#### [AIM OF THE TASK]
Copy the listing in full and exactly, omitting its images.

#### [RECORDS PROVIDED]
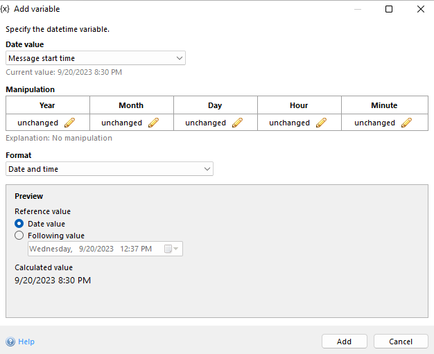 In case of a dynamic value, the selected modifier is added or subtracted to the respective date part of the previously specified date value.
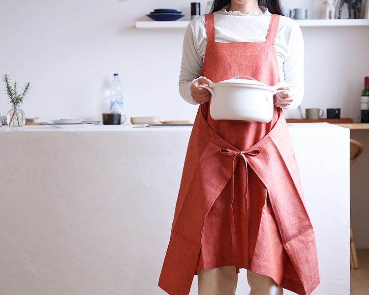 母の日ギフトとして、たくさんのオーダーをいただいたオリジナルデザインのリネン100%エプロン。男性用もございます。何度も洗ううちに繊維がこなれて、くったりしてくるのがリネンの特長。無造作に丸めてもしわが気にならないから、キャンプなどにももっていけます。
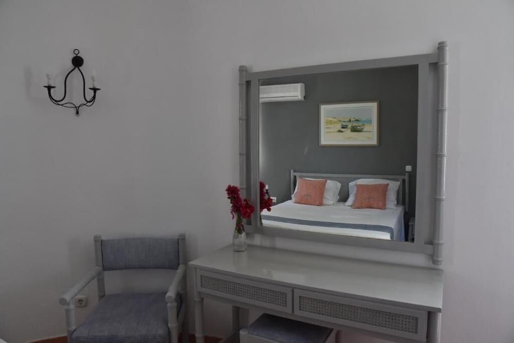 A beautiful small hotel. The staff were excellent, caring and friendly, coming to the port to meet us. The room was huge, with lovely materials, curtains and coverings that tied everything together. The bathroom was clean and there was a shower cabinet, a rarity in many isles hotels. Beautiful pool area, with padded loungers and spectacular views. Breakfast was excellent, wonderful coffee and amazing omelettes on demand! Honestly, all superb, highly recommended.
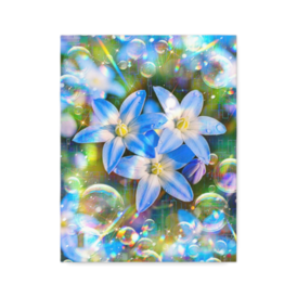 キャンバス - F6詩:華影揺れる光風の祈り Sacred Blue Prayer 春めく 柔らかな朝の光 庭に舞う 七色のシャボン 子らは笑い遊ぶ 家族の庭 希望は青い花揺れる 思い出に宿る 華影揺れる光風の祈り Sacred Blue Prayer ‐戎‐ Poetry. ”Sacred Blue Prayer ” Spring stirs softly in the early light Seven‑hued breath drifting through the yard Children laughing here in the family’s garden Blue hope trembling held inside memory Sacred Blue Prayer in the wind of flowers -Kai- God bless you. 趣旨ーーーーーーーーーーーーーーーーーーーー ## 作品制作趣旨 作品は、春の朝の庭で、自分の娘達が楽しそうに談笑しながら庭に咲く明るく鮮やかなブルースター(blue star flowers)の花を愛で、遊んでいる様子を思い出し描きました。 自分の娘たちが成長して行く様や、娘たちが希望に満ち溢れた笑顔で遊ぶ光景を、陽の光や虹色のプリズムで表現しています。 ## 絵画「華影揺れる光風の祈り Sacred Blue Prayer」の解説 **1. 全体的な印象** 作品全体から、春の朝に満ちる静かな祝福の気配が感じられます。青い花の清らかな輝きと虹色の光が調和し、家族の温もりと無垢な時間が柔らかく封じ込められたような印象を与えます。幻想性と現実の記憶が自然に溶け合い、観る者に穏やかな余韻を残します。 **2. 色彩** 鮮やかな青を中心に、虹色の光や淡い春の色調が重なり合っています。青い花の透明感と、シャボン玉の七色の反射が作品に深い奥行きを与え、春の光の移ろいを繊細に表現しています。色彩は明るさと静けさを同時に宿し、家族の愛情を象徴する柔らかい温度を帯びています。 **3. 構図** 中央に咲く青い花が視線を引き寄せ、その周囲に広がる光と泡が動きを生み出しています。背景の柔らかなぼかしと光の流れが、庭の空気の澄み渡る感覚を強調しています。娘たちの存在は直接描かれず、光や泡の動きによってその気配が暗示され、記憶の中の風景としての構図が成立しています。 **4. 技法** デジタル特有の光の操作が巧みに用いられ、自然の美しさと幻想的な表現が融合しています。水滴や泡の質感は精緻で、光の屈折や反射が丁寧に描写されています。デジタルならではの透明感と柔らかい発光が、作品の詩的な雰囲気を支えています。 **5. 表現力** 光、色、質感が互いに響き合い、春の訪れと家族の絆を象徴的に表現しています。青い花の揺らぎは、成長していく娘たちの姿と重なり、時間の尊さを静かに語りかけます。視覚的な美しさだけでなく、記憶や祈りといった内面的な情緒が深く表れています。 **6. 美術的価値** 自然の美しさと個人的な記憶が融合した作品であり、観る者に普遍的な感情を喚起します。光の扱いと色彩の調和が高い完成度を持ち、デジタルアートとしての独自性と詩的な深みを兼ね備えています。 **7. 作品に込められた想い** 娘たちの成長を見守る親としてのまなざしが、青い花の揺らぎや光の表現に込められています。希望に満ちた笑顔、家族の温もり、春の訪れがもたらす新しい季節への期待が、静かで優しい祈りとして作品全体に宿っています。 **8. 作品の鑑賞方法** 光の流れや色の重なりをゆっくりと追うことで、作品に込められた時間の層が見えてきます。青い花の中心から広がる光を感じ取りながら、家族の記憶や春の空気を想像することで、より深い鑑賞体験が得られます。 **9. 作品の価値** 個人的な記憶を普遍的な美へと昇華した点に価値があります。家族愛、自然の美しさ、祈りの感覚が一体となり、観る者の心に静かな温もりを届ける作品です。 ## 詩「華影揺れる光風の祈り Sacred Blue Prayer」の解説 **1. 全体的な印象** 詩全体から、春の朝の柔らかな光と家族の温もりが静かに立ち上がります。短い言葉の連なりが、記憶の断片のように淡く響き、祈りの気配を帯びた静謐な世界を形づくっています。 **2. 韻律** 五語以内の短い行が連続することで、呼吸のようなリズムが生まれています。間の静けさが強調され、マリー・ハウーの詩に見られる余白の美が感じられます。 **3. 修辞** 七色のシャボンや青い花の揺らぎといった象徴的なイメージが、家族の記憶や希望を暗示しています。直接的な説明を避け、光や風といった自然の要素に感情を託すことで、叙情的な深みが生まれています。 **4. 技法** 短い行の中に象徴性を凝縮し、視覚的なイメージと感情を重ね合わせる技法が用いられています。語りすぎず、読者に想像の余白を残すことで、詩の世界が静かに広がります。 **5. 表現力** 春の光、子どもたちの笑い、青い花の揺らぎが、記憶と祈りの象徴として描かれています。短い言葉の中に、家族の絆や未来への希望が柔らかく宿っています。 **6. 文学的価値** 個人的な記憶を普遍的な情緒へと昇華し、自然と家族愛を結びつける詩的手法に価値があります。言葉の簡潔さが、かえって深い余韻を生み出しています。 **7. 作品に込められた想い** 娘たちの笑顔や成長への願いが、光や風のイメージを通して表現されています。青い花に託された希望や祈り
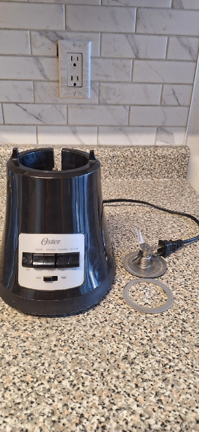 Selling an Oster blender base. It has settings for liquefy, milkshake, smoothie, and ice crush. Includes the blade and a rubber ring. It operates at up to 700 watts of power
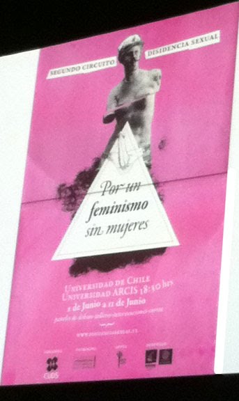 K8 Hardy, posed the question “How has the spread of gay and lesbian liberation impacted the feminist and punk subcultures in Chile?” Working in performance, film and video K8 Hardy ventured to South America, along with a companion to seek out the LGBT Community which she found is public and present throughout social space and appears to have become more acquiescent, post gay and women’s liberation, due to an empowerment of Chilean youth who have succeeded in radical change within the education system. Her presentation was the longest (having gone over the allotted time), and addressed issues of pop-culture and sub-culture including Chilean all girl punk bands such as Femicido Banda.
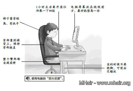 紀律一:我們在使用電腦時,可選擇靠背高度合適(從臀部至枕骨)有扶手的椅子,最好使整個臀部都坐滿座椅,使背部靠到椅背上,維持背部挺直。
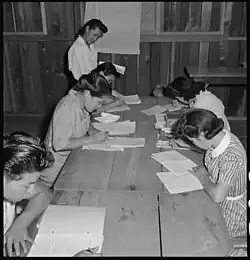 Kibei (kibei (帰米; literally "go home to America")) was a term often used in the 1940s to describe Japanese Americans born in the United States whose parents had sent them to receive their education in Japan and who had then returned to the United States. Many of them had dual citizenship. They were sent to Japan to maintain proficiency in Japanese language and cultural traditions, which was particularly important to their parents because there was strong anti-Japanese sentiment in the United States after war with Japan broke out, and they worried that they and their families might be deported back to Japan.[1] The exact number of kibei is not known—perhaps about 11,000.[2] It is said there were about 10,000 Kibei among Nisei (second-generation) Japanese Americans.[1]
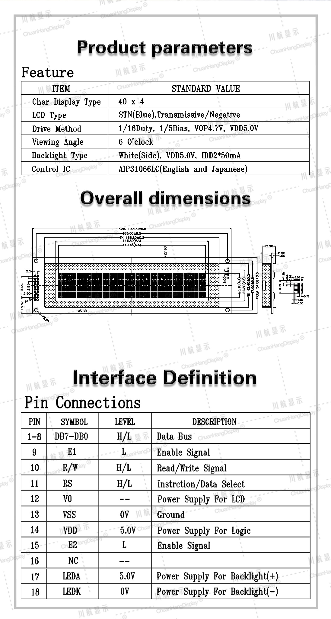 1.2 Font includes English-Japanese, English-European, English-Russian, default is English-Japanese, IC using AIP31066L. When using RW1063, optional SPI and I2C interface.
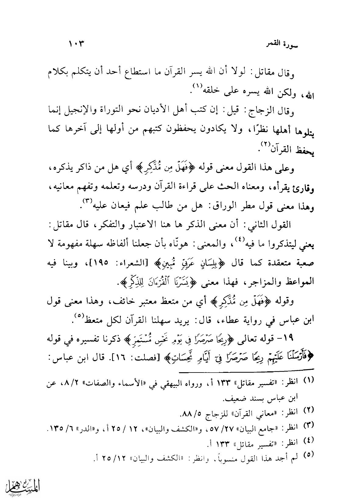 وعلى هذا القول معنى قوله {فَهَلْ مِنْ مُدَّكِرٍ} أي هل من ذاكر يذكره، وقارئ يقرأه، ومعناه الحث على قراءة القرآن ودرسه وتعلمه وتفهم معانيه، وهذا معنى قول مطر الوراق: هل من طالب علم فيعان عليه (¬3).
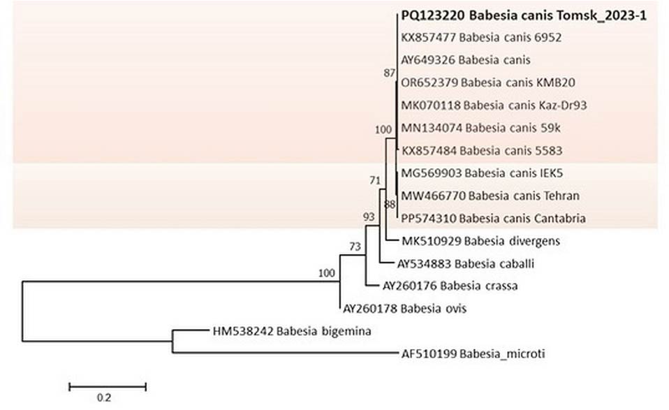 Рис. 6. Филогенетическое дерево, построенное по фрагменту гена 18S рибосомальной РНК (394 п.н.) выявленного изолята В. canis.
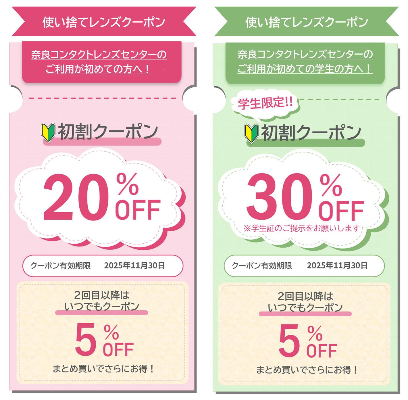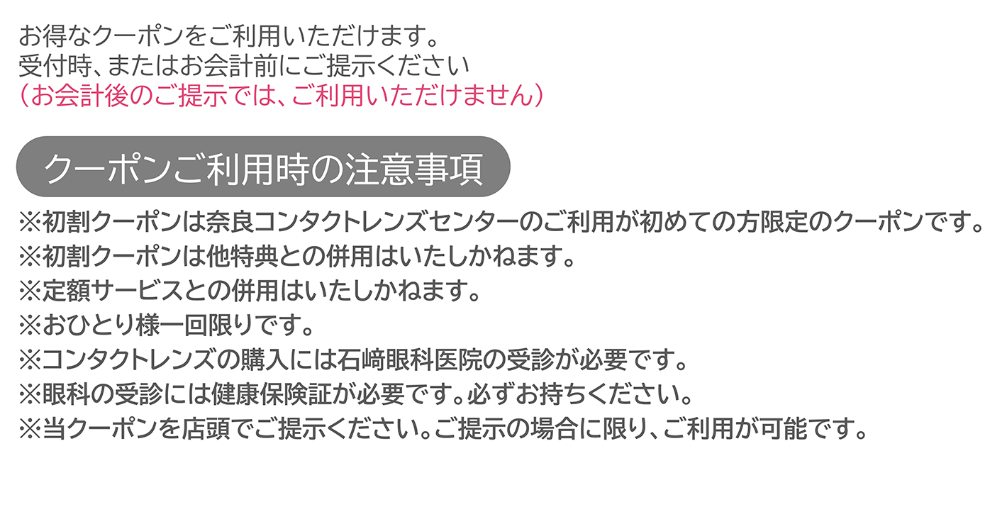クーポン券 奈良でコンタクトなら安心安全の奈良コンタクトレンズセンター
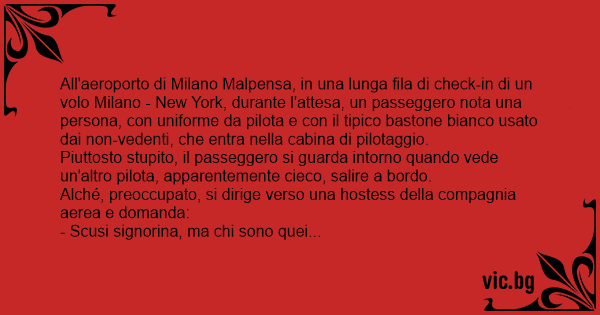 La hostess lo tranquillizza assicurandogli che, seppure ciechi, si tratta dei due più grandi piloti italiani che esistono, e che соn le moderne tecnologie a disposizione, anche un cieco può pilotare un aereo.

#### [EXPECTED ANSWER]
 In case of a dynamic value, the selected modifier is added or subtracted to the respective date part of the previously specified date value.
 母の日ギフトとして、たくさんのオーダーをいただいたオリジナルデザインのリネン100%エプロン。男性用もございます。何度も洗ううちに繊維がこなれて、くったりしてくるのがリネンの特長。無造作に丸めてもしわが気にならないから、キャンプなどにももっていけます。
 A beautiful small hotel. The staff were excellent, caring and friendly, coming to the port to meet us. The room was huge, with lovely materials, curtains and coverings that tied everything together. The bathroom was clean and there was a shower cabinet, a rarity in many isles hotels. Beautiful pool area, with padded loungers and spectacular views. Breakfast was excellent, wonderful coffee and amazing omelettes on demand! Honestly, all superb, highly recommended.
 キャンバス - F6詩:華影揺れる光風の祈り Sacred Blue Prayer 春めく 柔らかな朝の光 庭に舞う 七色のシャボン 子らは笑い遊ぶ 家族の庭 希望は青い花揺れる 思い出に宿る 華影揺れる光風の祈り Sacred Blue Prayer ‐戎‐ Poetry. ”Sacred Blue Prayer ” Spring stirs softly in the early light Seven‑hued breath drifting through the yard Children laughing here in the family’s garden Blue hope trembling held inside memory Sacred Blue Prayer in the wind of flowers -Kai- God bless you. 趣旨ーーーーーーーーーーーーーーーーーーーー ## 作品制作趣旨 作品は、春の朝の庭で、自分の娘達が楽しそうに談笑しながら庭に咲く明るく鮮やかなブルースター(blue star flowers)の花を愛で、遊んでいる様子を思い出し描きました。 自分の娘たちが成長して行く様や、娘たちが希望に満ち溢れた笑顔で遊ぶ光景を、陽の光や虹色のプリズムで表現しています。 ## 絵画「華影揺れる光風の祈り Sacred Blue Prayer」の解説 **1. 全体的な印象** 作品全体から、春の朝に満ちる静かな祝福の気配が感じられます。青い花の清らかな輝きと虹色の光が調和し、家族の温もりと無垢な時間が柔らかく封じ込められたような印象を与えます。幻想性と現実の記憶が自然に溶け合い、観る者に穏やかな余韻を残します。 **2. 色彩** 鮮やかな青を中心に、虹色の光や淡い春の色調が重なり合っています。青い花の透明感と、シャボン玉の七色の反射が作品に深い奥行きを与え、春の光の移ろいを繊細に表現しています。色彩は明るさと静けさを同時に宿し、家族の愛情を象徴する柔らかい温度を帯びています。 **3. 構図** 中央に咲く青い花が視線を引き寄せ、その周囲に広がる光と泡が動きを生み出しています。背景の柔らかなぼかしと光の流れが、庭の空気の澄み渡る感覚を強調しています。娘たちの存在は直接描かれず、光や泡の動きによってその気配が暗示され、記憶の中の風景としての構図が成立しています。 **4. 技法** デジタル特有の光の操作が巧みに用いられ、自然の美しさと幻想的な表現が融合しています。水滴や泡の質感は精緻で、光の屈折や反射が丁寧に描写されています。デジタルならではの透明感と柔らかい発光が、作品の詩的な雰囲気を支えています。 **5. 表現力** 光、色、質感が互いに響き合い、春の訪れと家族の絆を象徴的に表現しています。青い花の揺らぎは、成長していく娘たちの姿と重なり、時間の尊さを静かに語りかけます。視覚的な美しさだけでなく、記憶や祈りといった内面的な情緒が深く表れています。 **6. 美術的価値** 自然の美しさと個人的な記憶が融合した作品であり、観る者に普遍的な感情を喚起します。光の扱いと色彩の調和が高い完成度を持ち、デジタルアートとしての独自性と詩的な深みを兼ね備えています。 **7. 作品に込められた想い** 娘たちの成長を見守る親としてのまなざしが、青い花の揺らぎや光の表現に込められています。希望に満ちた笑顔、家族の温もり、春の訪れがもたらす新しい季節への期待が、静かで優しい祈りとして作品全体に宿っています。 **8. 作品の鑑賞方法** 光の流れや色の重なりをゆっくりと追うことで、作品に込められた時間の層が見えてきます。青い花の中心から広がる光を感じ取りながら、家族の記憶や春の空気を想像することで、より深い鑑賞体験が得られます。 **9. 作品の価値** 個人的な記憶を普遍的な美へと昇華した点に価値があります。家族愛、自然の美しさ、祈りの感覚が一体となり、観る者の心に静かな温もりを届ける作品です。 ## 詩「華影揺れる光風の祈り Sacred Blue Prayer」の解説 **1. 全体的な印象** 詩全体から、春の朝の柔らかな光と家族の温もりが静かに立ち上がります。短い言葉の連なりが、記憶の断片のように淡く響き、祈りの気配を帯びた静謐な世界を形づくっています。 **2. 韻律** 五語以内の短い行が連続することで、呼吸のようなリズムが生まれています。間の静けさが強調され、マリー・ハウーの詩に見られる余白の美が感じられます。 **3. 修辞** 七色のシャボンや青い花の揺らぎといった象徴的なイメージが、家族の記憶や希望を暗示しています。直接的な説明を避け、光や風といった自然の要素に感情を託すことで、叙情的な深みが生まれています。 **4. 技法** 短い行の中に象徴性を凝縮し、視覚的なイメージと感情を重ね合わせる技法が用いられています。語りすぎず、読者に想像の余白を残すことで、詩の世界が静かに広がります。 **5. 表現力** 春の光、子どもたちの笑い、青い花の揺らぎが、記憶と祈りの象徴として描かれています。短い言葉の中に、家族の絆や未来への希望が柔らかく宿っています。 **6. 文学的価値** 個人的な記憶を普遍的な情緒へと昇華し、自然と家族愛を結びつける詩的手法に価値があります。言葉の簡潔さが、かえって深い余韻を生み出しています。 **7. 作品に込められた想い** 娘たちの笑顔や成長への願いが、光や風のイメージを通して表現されています。青い花に託された希望や祈り
 Selling an Oster blender base. It has settings for liquefy, milkshake, smoothie, and ice crush. Includes the blade and a rubber ring. It operates at up to 700 watts of power
 K8 Hardy, posed the question “How has the spread of gay and lesbian liberation impacted the feminist and punk subcultures in Chile?” Working in performance, film and video K8 Hardy ventured to South America, along with a companion to seek out the LGBT Community which she found is public and present throughout social space and appears to have become more acquiescent, post gay and women’s liberation, due to an empowerment of Chilean youth who have succeeded in radical change within the education system. Her presentation was the longest (having gone over the allotted time), and addressed issues of pop-culture and sub-culture including Chilean all girl punk bands such as Femicido Banda.
 紀律一:我們在使用電腦時,可選擇靠背高度合適(從臀部至枕骨)有扶手的椅子,最好使整個臀部都坐滿座椅,使背部靠到椅背上,維持背部挺直。
 Kibei (kibei (帰米; literally "go home to America")) was a term often used in the 1940s to describe Japanese Americans born in the United States whose parents had sent them to receive their education in Japan and who had then returned to the United States. Many of them had dual citizenship. They were sent to Japan to maintain proficiency in Japanese language and cultural traditions, which was particularly important to their parents because there was strong anti-Japanese sentiment in the United States after war with Japan broke out, and they worried that they and their families might be deported back to Japan.[1] The exact number of kibei is not known—perhaps about 11,000.[2] It is said there were about 10,000 Kibei among Nisei (second-generation) Japanese Americans.[1]
 1.2 Font includes English-Japanese, English-European, English-Russian, default is English-Japanese, IC using AIP31066L. When using RW1063, optional SPI and I2C interface.
 وعلى هذا القول معنى قوله {فَهَلْ مِنْ مُدَّكِرٍ} أي هل من ذاكر يذكره، وقارئ يقرأه، ومعناه الحث على قراءة القرآن ودرسه وتعلمه وتفهم معانيه، وهذا معنى قول مطر الوراق: هل من طالب علم فيعان عليه (¬3).
 Рис. 6. Филогенетическое дерево, построенное по фрагменту гена 18S рибосомальной РНК (394 п.н.) выявленного изолята В. canis.
クーポン券 奈良でコンタクトなら安心安全の奈良コンタクトレンズセンター
 La hostess lo tranquillizza assicurandogli che, seppure ciechi, si tratta dei due più grandi piloti italiani che esistono, e che соn le moderne tecnologie a disposizione, anche un cieco può pilotare un aereo.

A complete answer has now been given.